▶ Exercise brief
Return all the data verbatim but without images.
### The data
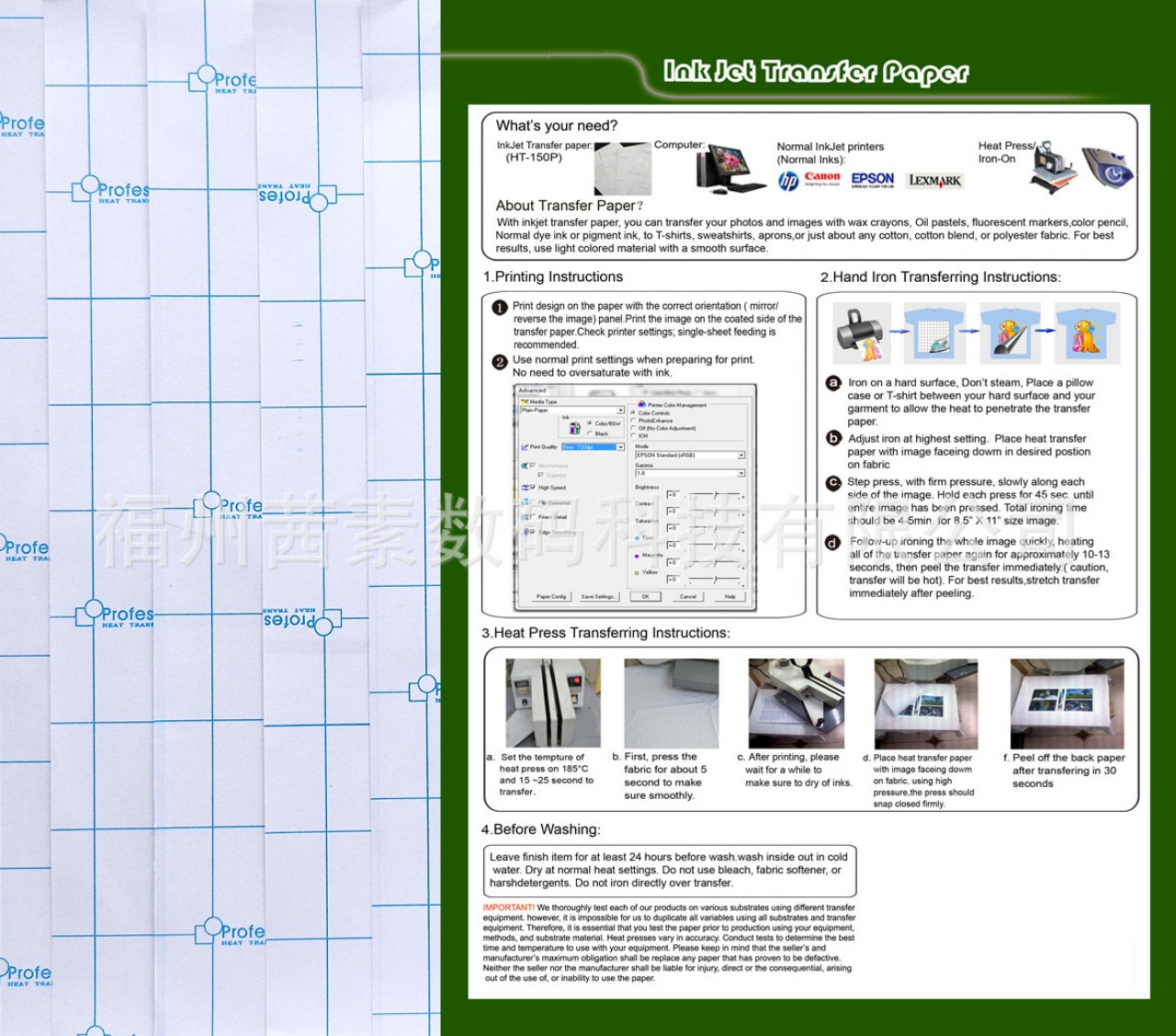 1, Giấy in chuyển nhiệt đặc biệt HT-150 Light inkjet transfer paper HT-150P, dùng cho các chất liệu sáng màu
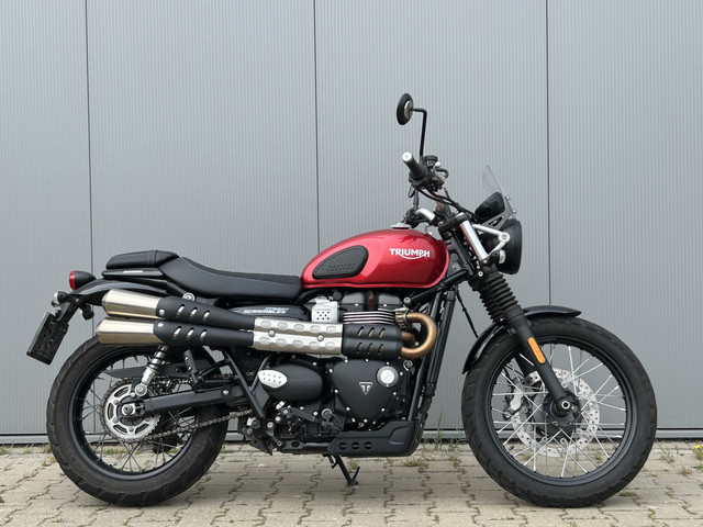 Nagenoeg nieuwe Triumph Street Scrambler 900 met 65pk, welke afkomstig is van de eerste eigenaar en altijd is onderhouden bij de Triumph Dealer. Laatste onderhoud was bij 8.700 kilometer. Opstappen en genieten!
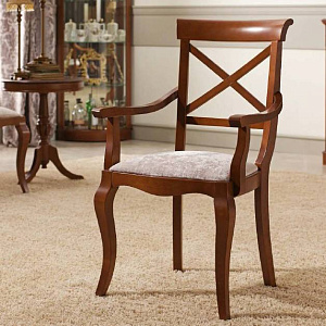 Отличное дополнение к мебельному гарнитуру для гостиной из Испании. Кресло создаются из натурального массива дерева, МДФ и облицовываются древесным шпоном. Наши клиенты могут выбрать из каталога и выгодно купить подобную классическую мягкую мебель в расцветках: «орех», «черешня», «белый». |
######
▶ Solution below
 1, Giấy in chuyển nhiệt đặc biệt HT-150 Light inkjet transfer paper HT-150P, dùng cho các chất liệu sáng màu
 Nagenoeg nieuwe Triumph Street Scrambler 900 met 65pk, welke afkomstig is van de eerste eigenaar en altijd is onderhouden bij de Triumph Dealer. Laatste onderhoud was bij 8.700 kilometer. Opstappen en genieten!
 Отличное дополнение к мебельному гарнитуру для гостиной из Испании. Кресло создаются из натурального массива дерева, МДФ и облицовываются древесным шпоном. Наши клиенты могут выбрать из каталога и выгодно купить подобную классическую мягкую мебель в расцветках: «орех», «черешня», «белый». |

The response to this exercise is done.